Preprocessing the Data

Before divining into the topic modeling stage, data need some sanitation. First of all, I removed game expansions from the database, as they almost always share the same attributes of the main game, thus they won't add variance on the data, while hugely increase the computation time.

Then, I decided to remove all those games which have received less than 5 ratings from the community. This will help me to wipe-out fan creations, unpublished games, vapourware and generally forgotten games. Not only, since tags in BoardGameGeek database are user-generated, less ratings mean less quality check by the community, which in turn will end in unrealiable tags. So those observations would probably create more problems in topic modeling rather than adding variance.

bgg.useful <- BoardGames %>% 
  bgg.prepare.data() %>%
  filter(stats.usersrated >= 5, game.type == "boardgame") %>%
  mutate(stats.average.factor = arules::discretize(stats.average,
                                           method="frequency",
                                           categories = 5, 
                                           ordered = TRUE))

rownames(bgg.useful) <- make.names(bgg.useful$details.name, unique=TRUE)

After the cleaning phase, the resulting dataset was shrinked to r NROW(bgg.useful).

Since tags columns can host more than one tag (comma-separated), I created a set of dummyvars from all the tags I found on the columns category, mechanic, family and implementation.

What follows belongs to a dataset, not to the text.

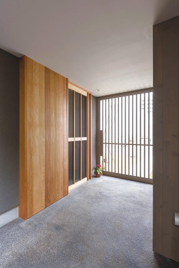 アプローチから格子戸を開けて玄関ポーチへと入ってすぐのところに 外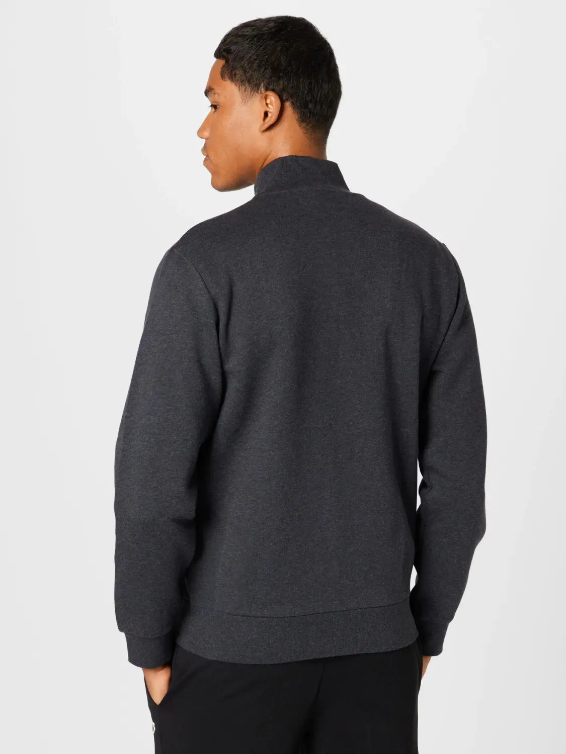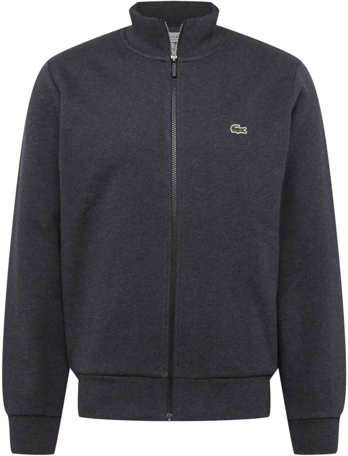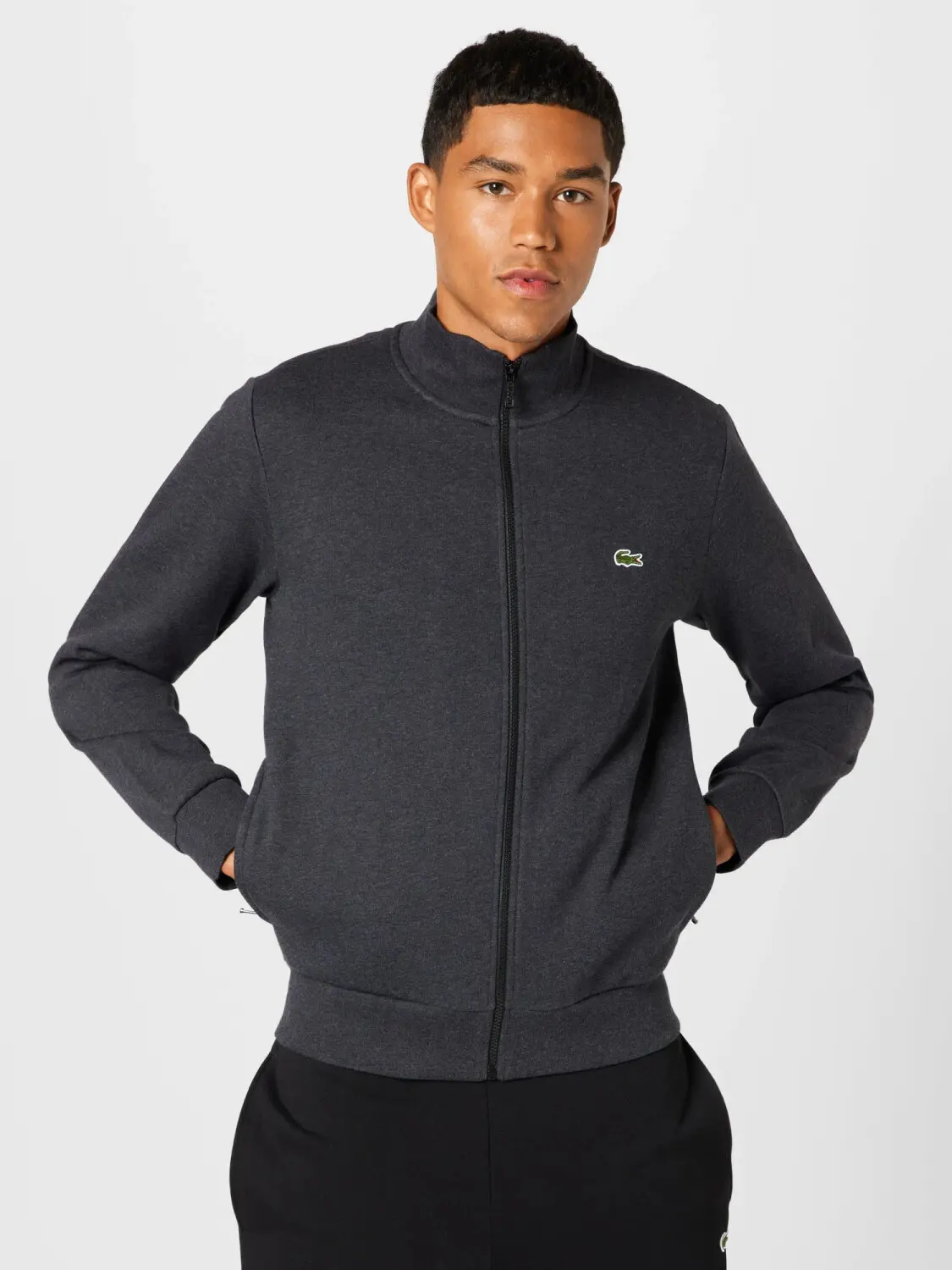 Lacoste sportvest in donkergrijs, 2 zijzakken met ritssluiting. Ruim vallend niet getailleerd. De kwaliteit van dit vest is 84% katoen en 16% polyester

Other tags columns, for example the column expansions are totally freeform and their contribute to variance is not significant, so I trashed them.

bgg.dummy <- cSplit_e(bgg.useful, "attributes.boardgamecategory", type="character", fill=0, drop=TRUE)
bgg.dummy <- cSplit_e(bgg.dummy, "attributes.boardgamemechanic", type="character", fill=0, drop=TRUE)
bgg.dummy <- cSplit_e(bgg.dummy, "attributes.boardgamefamily", type="character", fill=0, drop=TRUE)
bgg.dummy <- cSplit_e(bgg.dummy, "attributes.boardgameimplementation", type="character", fill=0, drop=TRUE)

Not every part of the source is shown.